– Ваше высокоблагородие, разрешите доложить, – Гусев, было, попробовал вставить слово оправдания, но толстячок оттого только ещё больше рассвирепел.
– Молча-ать! Молчать, я сказал, стервец! Кто тебе слово давал, скотина ты безмозглая! Почему мундир не по уставу? Почему букли и коса не набита? Почему погонов два, а не один, как полагается? Почему хвосты собачьи на картузах висят? Вы что, из балагана припёрлись в армию?! Содрать всё немедленно!
– Не замай! – рявкнул Афанасьев, отталкивая двух офицеров, попытавшихся сорвать нашитый волчий хвост. – Не вами дадено, а за бой и за кровь нашито!
– Ваше высокоблагородие! Особой отдельной команде егерей главного квартирмейстерства армии высочайше позволено иметь сии отличия за совершённые ранее подвиги на своих картузах. И второй погон разрешено носить, ибо егеря команды по две сумки для патронов и для гренад носят на боевых выходах! – попытался объясниться Гусев, изворачиваясь от двух выборгских офицеров.
– Так вы ещё и не апшеронские! Отдельная команда егерей, говорите! – Думашев зло прищурил глаза. – Ну вот вы и попались мне, голубчики! Два месяца назад безобразия в моём полку творили?! Дело замяли, а думаете, я всё забыл?! Мишка, бегом за дежурным плутонгом! Взять стервецов под арест и ко мне их в полковой штаб связанными!

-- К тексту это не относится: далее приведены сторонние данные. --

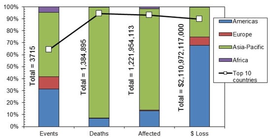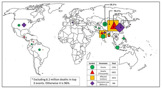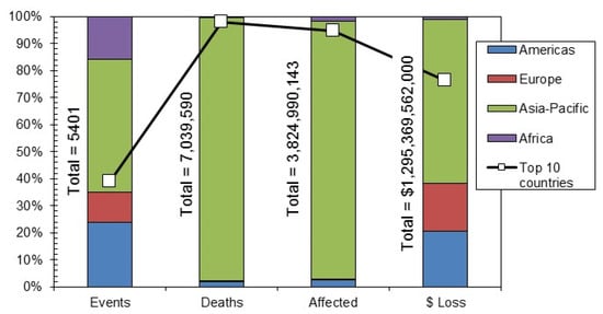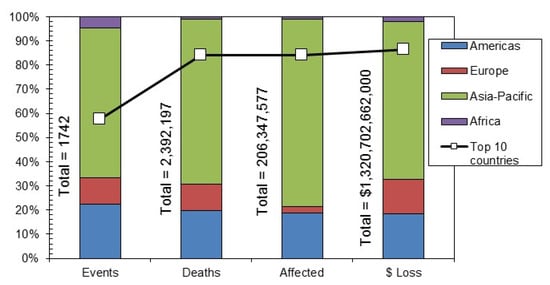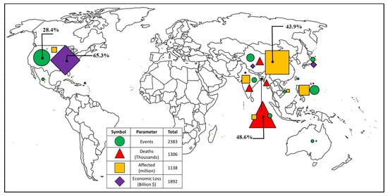 This section examines the distribution and impact disasters caused by three types of natural hazards, i.e., geophysical, hydrological, and climatological, which happened around the world since 1900. The reason for focusing on this type of disasters is given in Section 2. Data used to compile the presented information were obtained from the Emergency Events Database (EM-DAT) maintained by the Centre for Research on the Epidemiology of Disasters (CRED) at the Catholic University of Louvain, Belgium []. For a disaster event to be listed in this database, at least one of the following criteria is to be met:

– Да за что, Ваше высокоблагородие? Мы ведь ничего преступного не сотворили! – Гусев сам снял головной убор и кивнул товарищу. – Василий, снимай картуз и руками не вздумай господ офицеров трогать, не то, и правда, словно мятежников тут повяжут!

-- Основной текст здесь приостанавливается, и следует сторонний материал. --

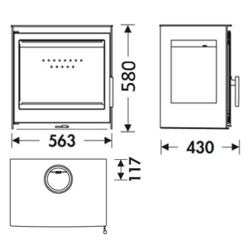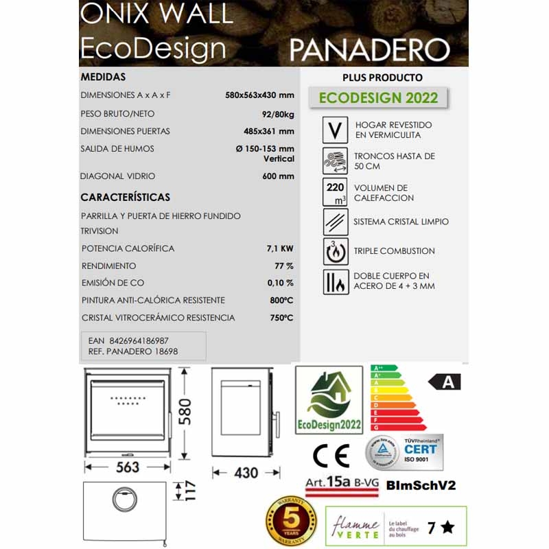 · Dimensiones 58 x 56,3 x 43 cm. · Peso netro 80 kg. · Dimensiones puertas 48,5 x 36,1 kg. · Salida de humos Ø 150 - 153 mm vertical. · Diagonal vidrio 60 cm. · Parrilla y puerta de hierro fundido. · Trivision. · Potencia calorífica 7,1 kW. · Rendimiento 77%. · Emisión de CO 0,10%. · Pintura anticalórica resistente a 800 grados C. · Cristal vitrocerámico resistencia 750 grados C. · Hogar revestido en vermiculita. · Troncos hasta de 50 cm. · Volumen de calefación 220 m3. · Sistema cristal limpio. · Triple combustion. · Doble cuerpo en acero de 4+3 mm.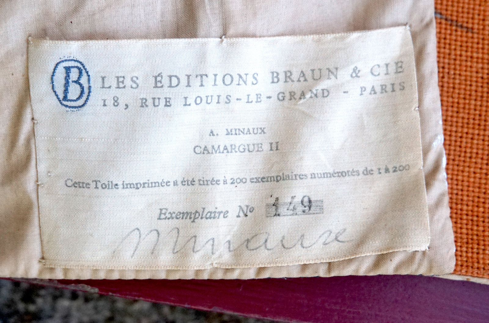 French print tapestry Camargue II by A Minaux for Editions Braun made during the 1950's. It's signed in front and on the back with the number 149/200. 64 3/4" (164.5cm) height, 46 1/2" (118cm) width. Perfect condition.

– Сдать оружие! – капитан из свиты Думашева стоял напротив егерей со взведённым курком на пистоле. – Не брыкайтесь, иначе махом дырку на лбу нарисую!
Штуцера Гусева и Василия перекочевали, как и их штыки-кортики с пистолетами, в руки офицерской свиты.
– Да неужто! – прорычал Думашев, выслушав что-то докладывающего ему майора. – Ну, значит, допорю, коли тогда не успели. Так это ты, рыжая сволота, от меня в егеря перебёг, а потом ещё мутил что-то и за своими тряпками в мой полк хаживал? Попался, мерзавец! – и он уставился на стоявшего без головного убора огненно-рыжего Афанасьева.
– Господин полковник, у них в мешках огнепроводный шнур засунут, хорошие такие мотки у каждого, – доложился майор. – Видать, стащили откуда-то его, стервецы!
Со стороны площади раздался топот множества ног, к месту с задержанными подбегал гренадёрский плутонг во главе с поручиком.
– Так-так-так, – удовлетворённо потёр руки Думашев. – Ну, теперь вы уже не отвертитесь, голубчики. Вот для вас уже и виселица нарисовалась. Неподчинение офицерам, шта-аб-офицерам! – поднял он кверху свой указательный палец. – Да ещё и в военное время! Это раз. Кража военного имущества! Два. Попытка нападения на командира полка бывшим его подчинённым! Три! Больше уже ничего не надо, конец вам, мерзавцы, и вашего Егорова теперь наказание не минует!
Думашев победно улыбнулся. На душе у него было опять хорошо. После такой встряски очень сильно хотелось есть. Лошадь уже поймали и подвели к хозяину. А в ресторации «Bouillon» у Жозе Гастара подают на сегодняшний обед: консономе с дьябле – острыми сырными гренками, приправленными кайенским перцем, овощной суп кольбер с тёртым варёным яйцом, осетрина по-русски, поросёнок жареный в соусе Пуаврад, запечённые перепела, ещё пять-шесть блюд и изумительное фисташковое мороженое. А какие там прекрасные вина!
– Этих под конвоем в мой подвал, – махнул он рукой на егерей, указывая гренадёрскому поручику. – Будут нерасторопны, бейте их прикладами, я разрешаю, всё равно им уже виселица, – и, вскочив на лошадей, всадники поскакали своей дорогой.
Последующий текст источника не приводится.